:: PROBLEM TO SOLVE ::
Look through the listing below for the line with "- Diese Bluse" and the line with "每個(gè)龍文物故事上方,也印有當(d". Copy both, along with every line between them, exactly and with no pictures.

:: DATA TO PROCESS ::
▬▬▬▬▬▬

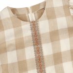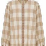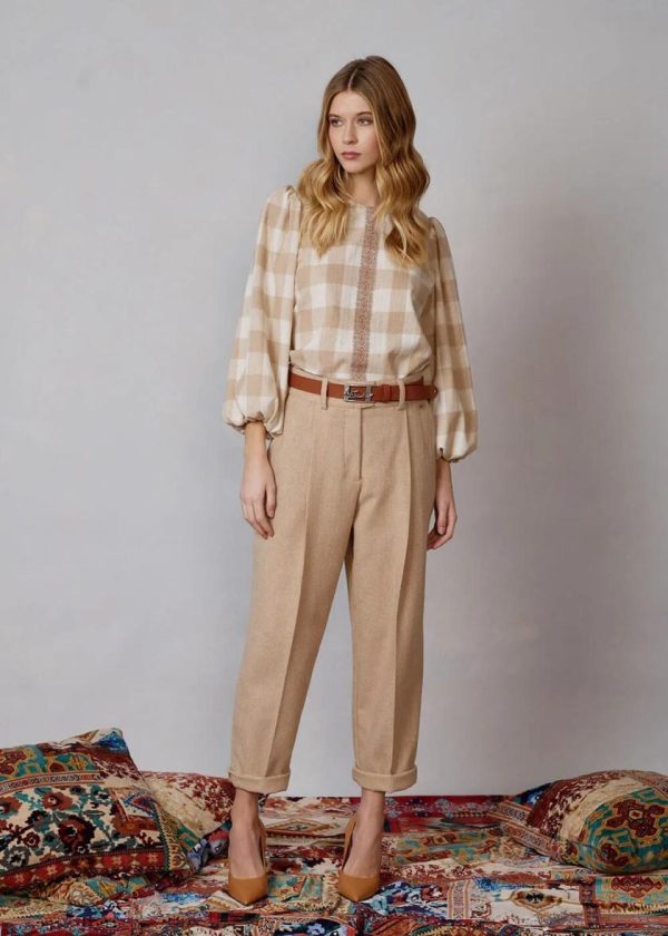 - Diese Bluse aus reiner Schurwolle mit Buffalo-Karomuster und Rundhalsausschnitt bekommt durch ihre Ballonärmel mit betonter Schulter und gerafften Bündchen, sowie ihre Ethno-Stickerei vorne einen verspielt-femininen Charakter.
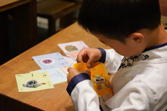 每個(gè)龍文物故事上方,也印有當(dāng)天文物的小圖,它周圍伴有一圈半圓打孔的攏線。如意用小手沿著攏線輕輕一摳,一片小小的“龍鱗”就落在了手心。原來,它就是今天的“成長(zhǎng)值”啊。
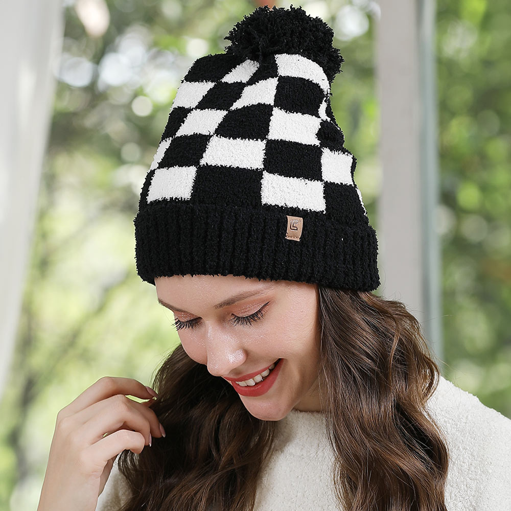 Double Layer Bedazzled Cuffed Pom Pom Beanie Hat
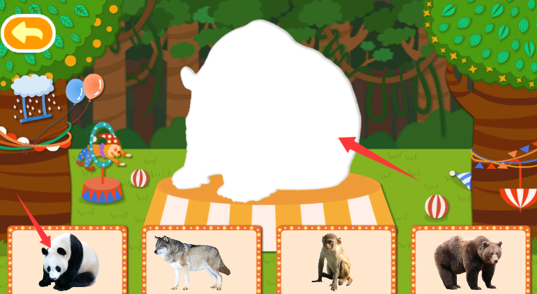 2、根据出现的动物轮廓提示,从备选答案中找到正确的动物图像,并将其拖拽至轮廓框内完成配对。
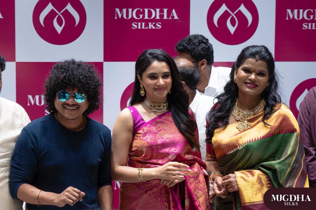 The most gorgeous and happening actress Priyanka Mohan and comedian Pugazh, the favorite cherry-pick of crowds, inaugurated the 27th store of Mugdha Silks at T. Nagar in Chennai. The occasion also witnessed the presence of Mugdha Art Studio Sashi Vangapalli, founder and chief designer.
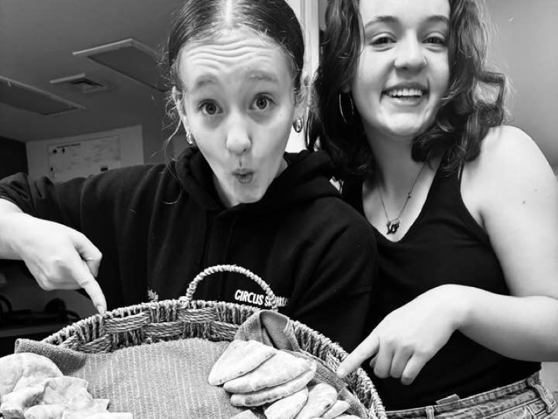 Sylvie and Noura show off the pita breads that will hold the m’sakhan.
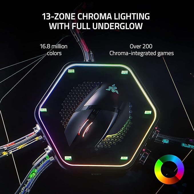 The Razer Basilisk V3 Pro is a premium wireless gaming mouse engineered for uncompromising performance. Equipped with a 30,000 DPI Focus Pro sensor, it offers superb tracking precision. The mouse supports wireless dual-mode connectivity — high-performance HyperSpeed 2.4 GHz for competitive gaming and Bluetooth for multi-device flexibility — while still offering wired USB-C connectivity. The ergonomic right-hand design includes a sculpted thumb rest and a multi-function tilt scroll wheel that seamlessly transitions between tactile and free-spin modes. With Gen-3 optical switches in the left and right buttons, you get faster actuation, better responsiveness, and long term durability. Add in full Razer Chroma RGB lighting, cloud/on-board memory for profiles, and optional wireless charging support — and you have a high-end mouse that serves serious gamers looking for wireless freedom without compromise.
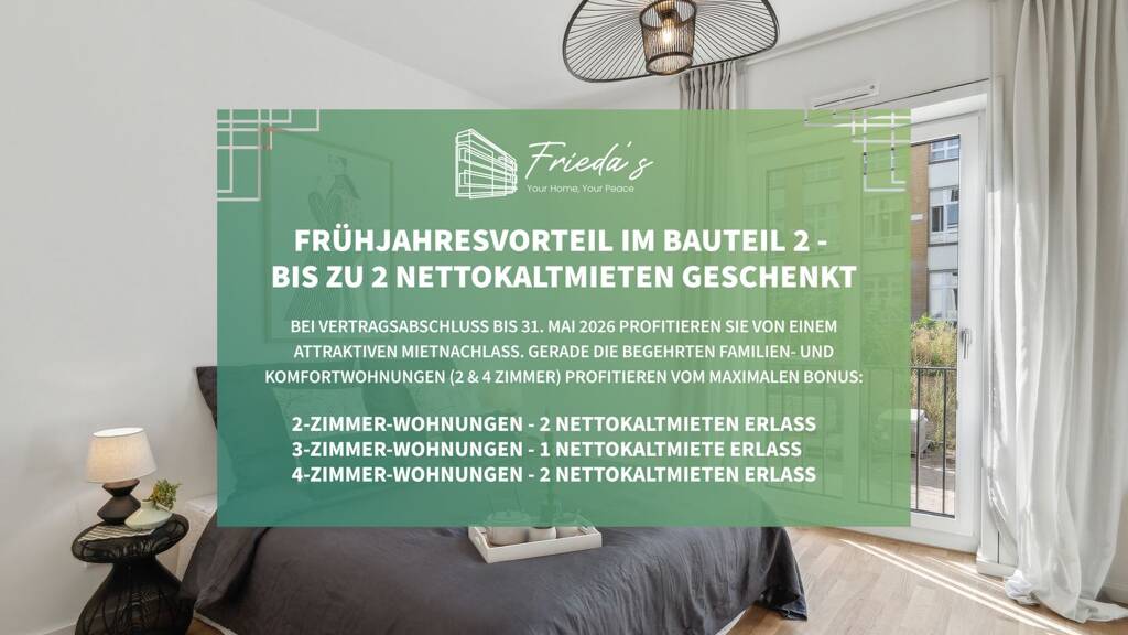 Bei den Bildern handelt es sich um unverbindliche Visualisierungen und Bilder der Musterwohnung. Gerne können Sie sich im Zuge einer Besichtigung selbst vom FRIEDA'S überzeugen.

▬▬▬▬▬▬

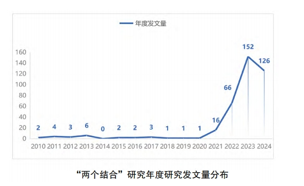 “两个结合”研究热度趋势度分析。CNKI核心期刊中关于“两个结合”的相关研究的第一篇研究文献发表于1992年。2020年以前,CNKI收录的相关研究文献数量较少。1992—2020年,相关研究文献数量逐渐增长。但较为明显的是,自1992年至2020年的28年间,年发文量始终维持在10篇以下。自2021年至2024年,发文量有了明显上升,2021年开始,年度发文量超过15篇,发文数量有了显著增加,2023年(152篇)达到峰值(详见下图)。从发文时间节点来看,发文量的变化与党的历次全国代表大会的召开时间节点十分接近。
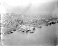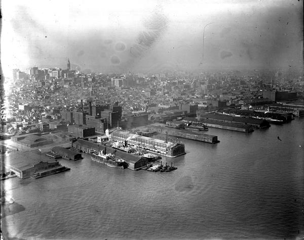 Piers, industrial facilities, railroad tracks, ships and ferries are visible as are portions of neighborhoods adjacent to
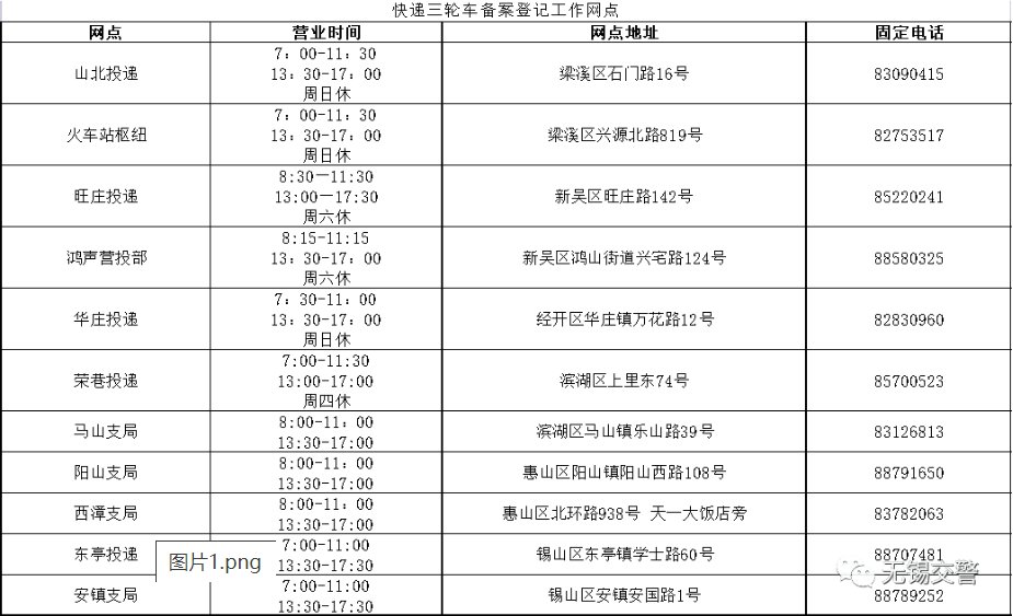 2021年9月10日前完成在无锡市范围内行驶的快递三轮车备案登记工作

▬▬▬▬▬▬

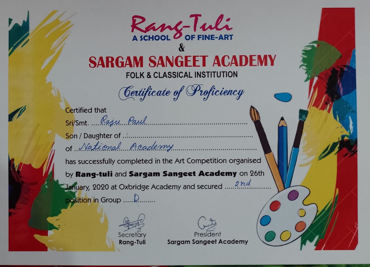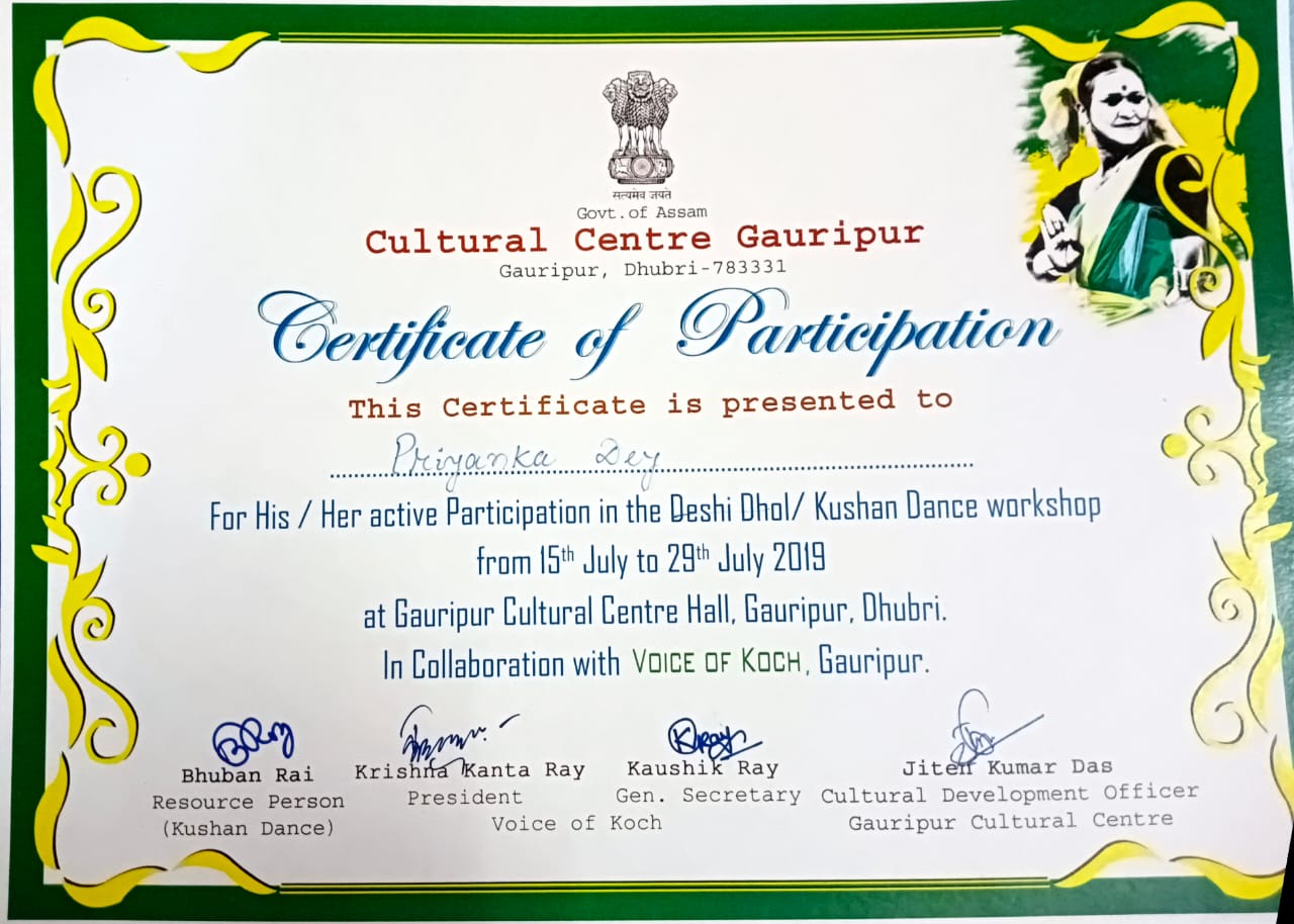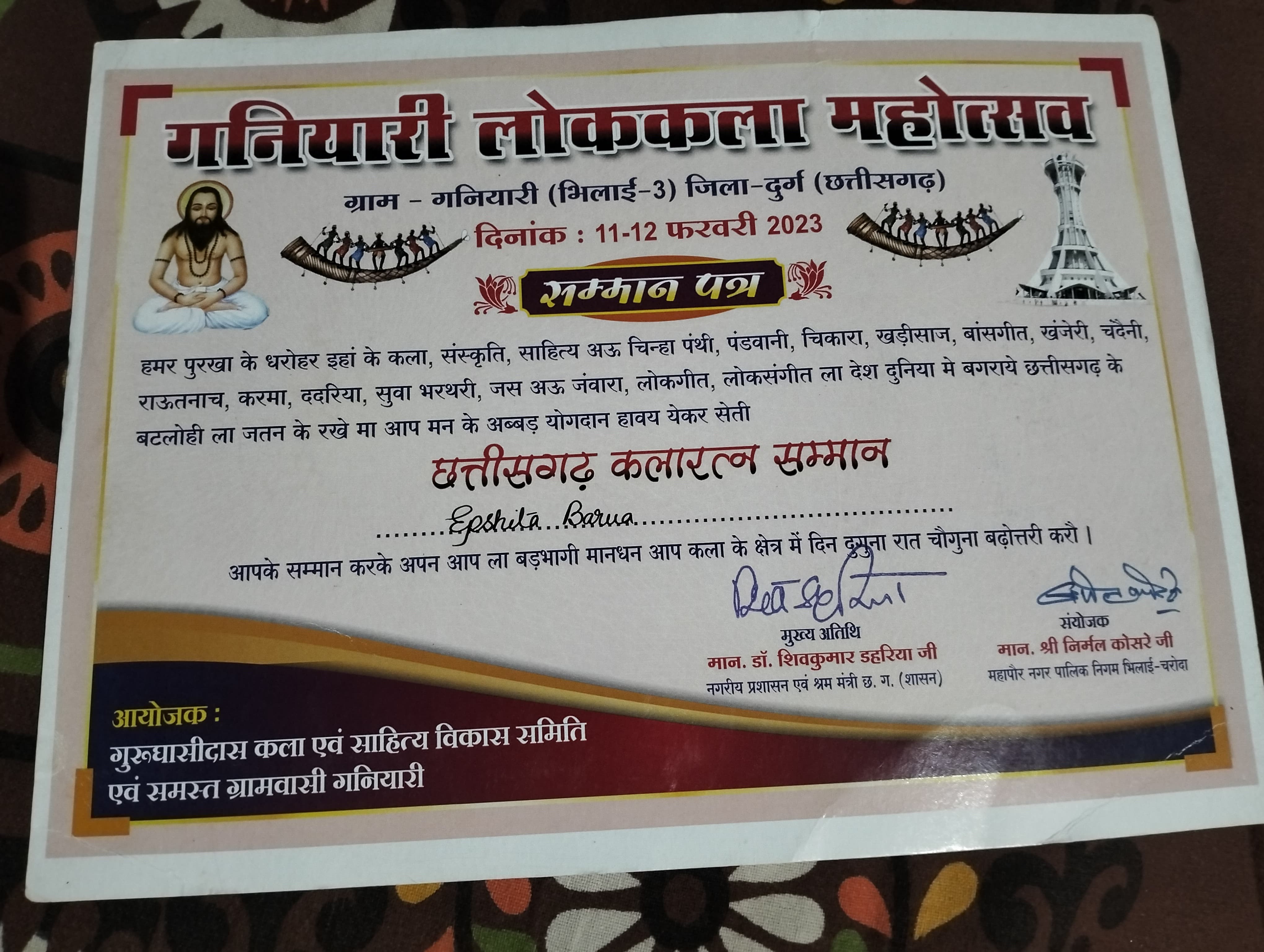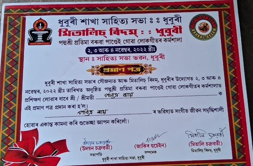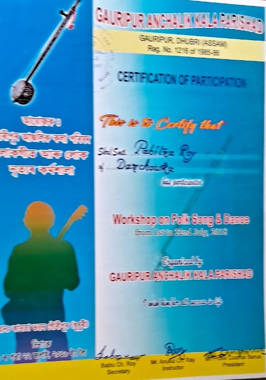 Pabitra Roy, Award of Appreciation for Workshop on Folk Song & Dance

▬▬▬▬▬▬

:: RESULT BELOW ::
 - Diese Bluse aus reiner Schurwolle mit Buffalo-Karomuster und Rundhalsausschnitt bekommt durch ihre Ballonärmel mit betonter Schulter und gerafften Bündchen, sowie ihre Ethno-Stickerei vorne einen verspielt-femininen Charakter.
 每個(gè)龍文物故事上方,也印有當(dāng)天文物的小圖,它周圍伴有一圈半圓打孔的攏線。如意用小手沿著攏線輕輕一摳,一片小小的“龍鱗”就落在了手心。原來,它就是今天的“成長(zhǎng)值”啊。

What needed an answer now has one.